Ijraset Journal For Research in Applied Science and Engineering Technology
Authors: K. Aditya Rao, Dr. Ganesh D
DOI Link: https://doi.org/10.22214/ijraset.2022.41524
Certificate: View Certificate
Credit card fraud detection is presently the most frequently occurring problem in the present world. This is due to the rise in both online transactions and e-commerce platforms. Credit card fraud generally happens when the card was stolen for any of the unauthorized purposes or even when the fraudster uses the credit card information for his use. In the present world, we are facing a lot of credit card problems. To detect the fraudulent activities the credit card fraud detection system was introduced.
I. INTRODUCTION
'Fraud' in credit card transactions is unauthorized and unwanted usage of an account by someone other than the owner of that account. Necessary prevention measures can be taken to stop this abuse and the behaviour of such fraudulent practices can be studied to minimize it and protect against similar occurrences in the future. In other words, Credit Card Fraud can be defined as a case where a person uses someone else’s credit card for personal reasons while the owner and the card issuing authorities are unaware of the fact that the card is being used.

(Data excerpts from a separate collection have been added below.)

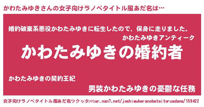 | ファンタジー風あだ名 | 『エターナルカワタミユキー』 |
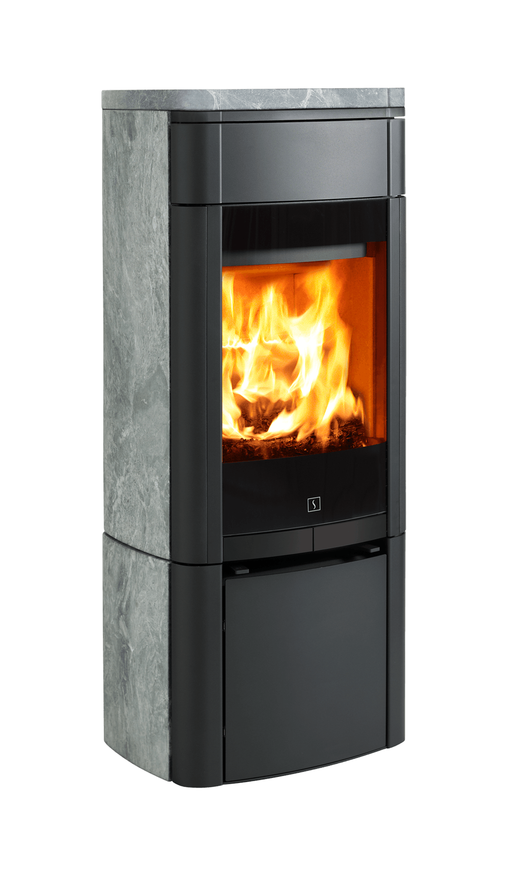 Denne model fås med sidebeklædning og topplade i varmeakkumulerende fedtsten, med eller uden sideglas. Hvis man ønsker en lidt højere ovn, kan der tilkøbes en 80 mm høj sokkel.
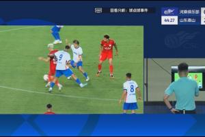 体育资讯06月30日讯 中超第16轮,河南vs山东泰山。比赛第43分钟,泽卡倒钩造刘易鑫手球送点,主裁判第一时间判罚点球,但VAR介入,取消点球。
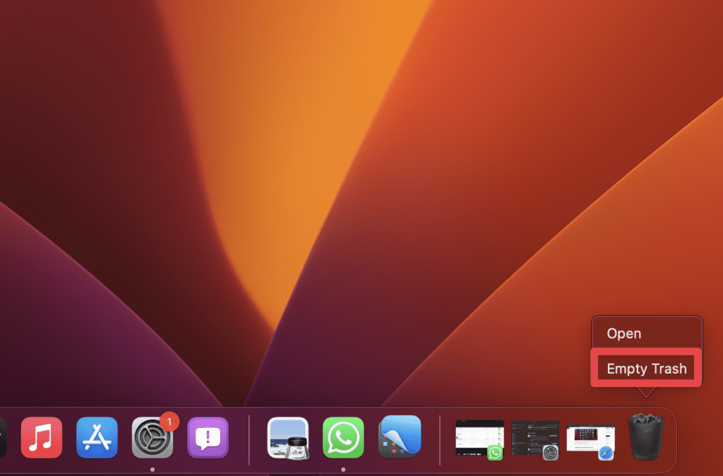 - 右鍵單擊 Bin 圖標並選擇,從 Mac 中永久刪除緩存清空垃圾箱。
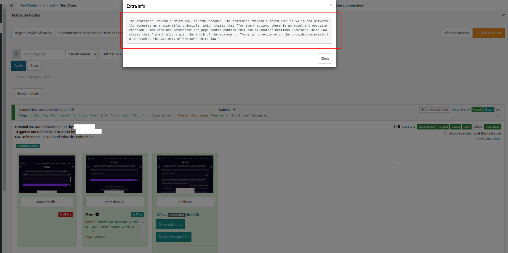 testRigor validates the chatbot response and confirms whether it is correct or not. You can review the test output by clicking the “Show extra info” button.
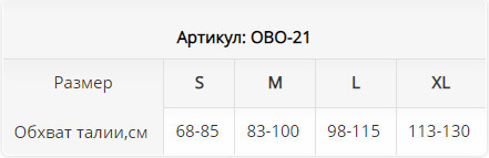 • если обхват талии пользователя находится на пересечении двух размеров в размерной таблице, рекомендуем выбрать больший размер изделия.
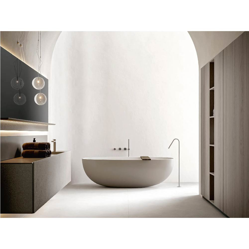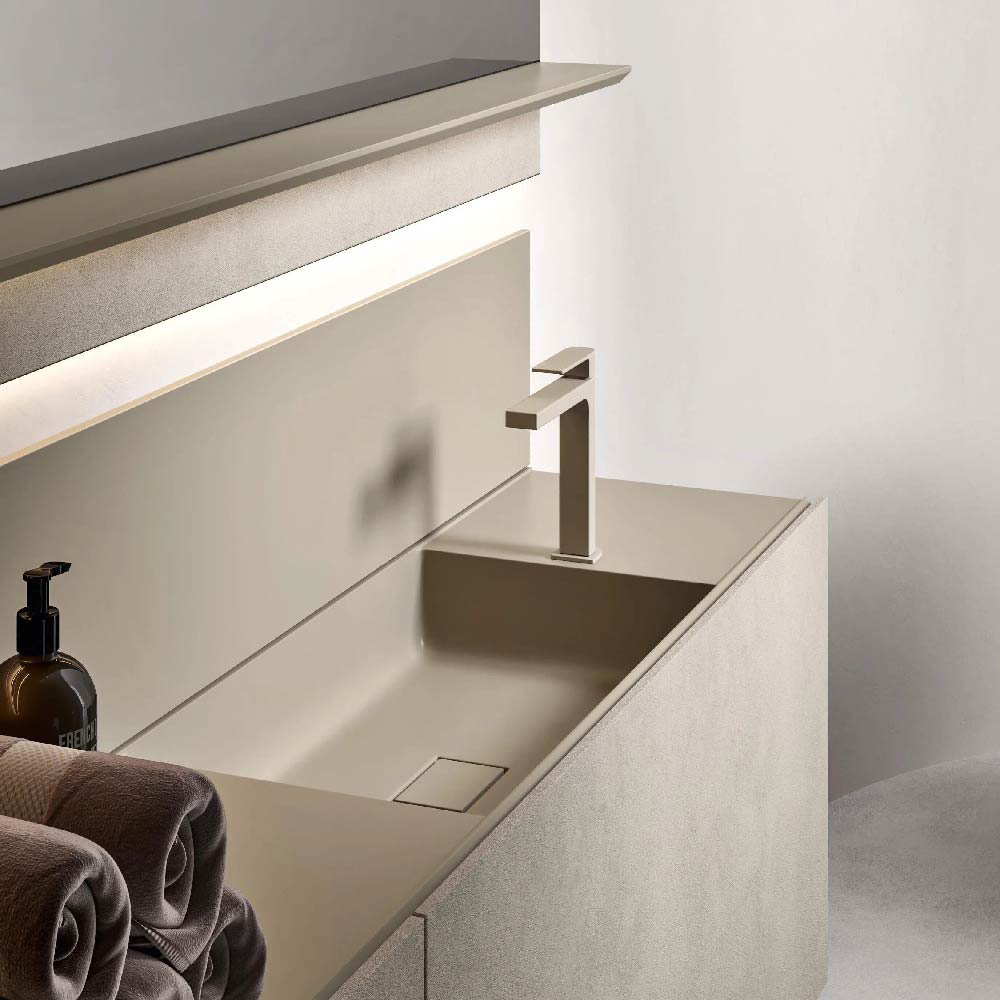 The pleasure of wide and continuous surfaces, without interruptions. A work of subtraction to minimize each possible line different than those defining the volumes of the units. Maxi doors, long fronts and nearly hermetic lines that laterally reveal refined games of heights and useful storage compartments. A versatile and pragmatic non-standard modularity. The free and interpretable use of the D.15.75" vanity units or the D.7.87" spacers emphasizes the role of the depth, which is at complete disposal to the furnishing creativity.
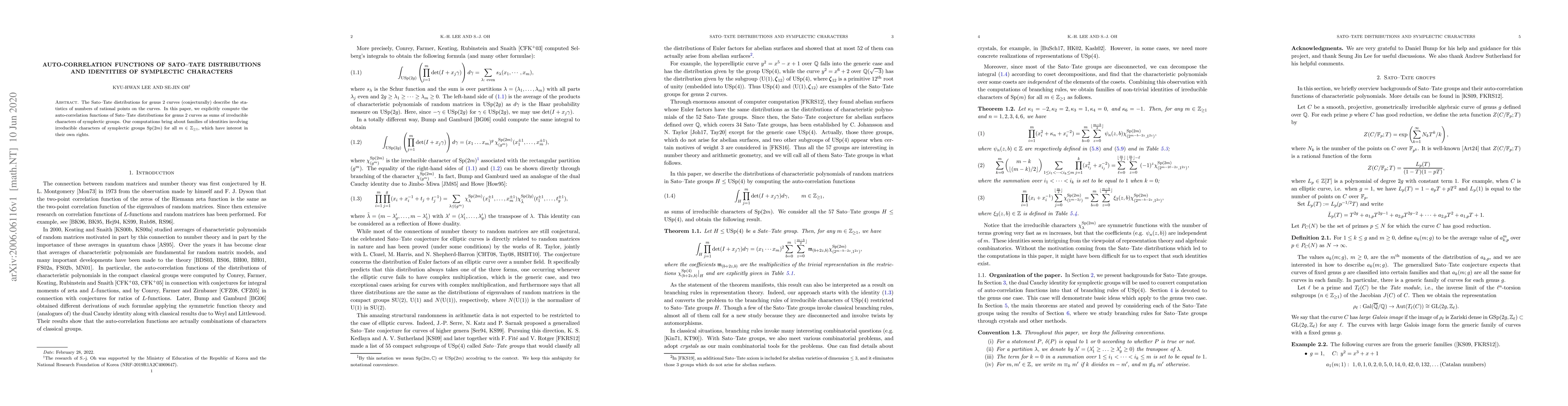 This paper computes the auto-correlation functions of Sato-Tate distributions for genus 2 curves, expressing them as sums of irreducible characters of symplectic groups. It also uncovers families of identities involving these characters, which are significant for their own mathematical value.

Fraud detection involves monitoring the activities of populations of users in order to estimate, perceive or avoid objectionable behaviour, which consist of fraud, intrusion, and defaulting. This is a very relevant problem that demands the attention of communities such as machine learning and data science where the solution to this problem can be automated. This problem is particularly challenging from the perspective of learning, as it is characterized by various factors such as class imbalance. The number of valid transactions far outnumber fraudulent ones. Also, the transaction patterns often change their statistical properties over the course of time.

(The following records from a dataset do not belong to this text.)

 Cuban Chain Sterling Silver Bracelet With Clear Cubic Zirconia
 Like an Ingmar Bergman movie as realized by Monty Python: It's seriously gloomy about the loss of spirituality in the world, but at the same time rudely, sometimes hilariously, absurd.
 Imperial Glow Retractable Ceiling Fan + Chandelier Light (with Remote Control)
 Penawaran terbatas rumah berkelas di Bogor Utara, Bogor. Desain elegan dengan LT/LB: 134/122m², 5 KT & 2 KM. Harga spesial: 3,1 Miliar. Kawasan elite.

These are not the only challenges in the implementation of a real-world fraud detection system, however. In real world examples, the massive stream of payment requests is quickly scanned by automatic tools that determine which transactions to authorize. Machine learning algorithms are employed to analyse all the authorized transactions and report the suspicious ones. These reports are investigated by professionals who contact the cardholders to confirm if the transaction was genuine or fraudulent. The investigators provide a feedback to the automated system which is used to train and update the algorithm to eventually improve the fraud-detection performance over time.
II. LITERATURE REVIEW
Fraud act as the unlawful or criminal deception intended to result in financial or personal benefit. It is a deliberate act that is against the law, rule or policy with an aim to attain unauthorized financial benefit. Numerous literatures pertaining to anomaly or fraud detection in this domain have been published already and are available for public usage. A comprehensive survey conducted by Clifton Phua and his associates have revealed that techniques employed in this domain include data mining applications, automated fraud detection, adversarial detection.
In another paper, Suman, Research Scholar, GJUS&T at Hisar HCE presented techniques like Supervised and Unsupervised Learning for credit card fraud detection. Even though these methods and algorithms fetched an unexpected success in some areas, they failed to provide a permanent and consistent solution to fraud detection. A similar research domain was presented by Wen-Fang YU and Na Wang where they used Outlier mining, Outlier detection mining and Distance sum algorithms to accurately predict fraudulent transaction in an emulation experiment of credit card transaction data set of one certain commercial bank. Outlier mining is a field of data mining which is basically used in monetary and internet fields. It deals with detecting objects that are detached from the main system i.e. the transactions that aren’t genuine. They have taken attributes of customer’s behaviour and based on the value of those attributes they’ve calculated that distance between the observed value of that attribute and its predetermined value.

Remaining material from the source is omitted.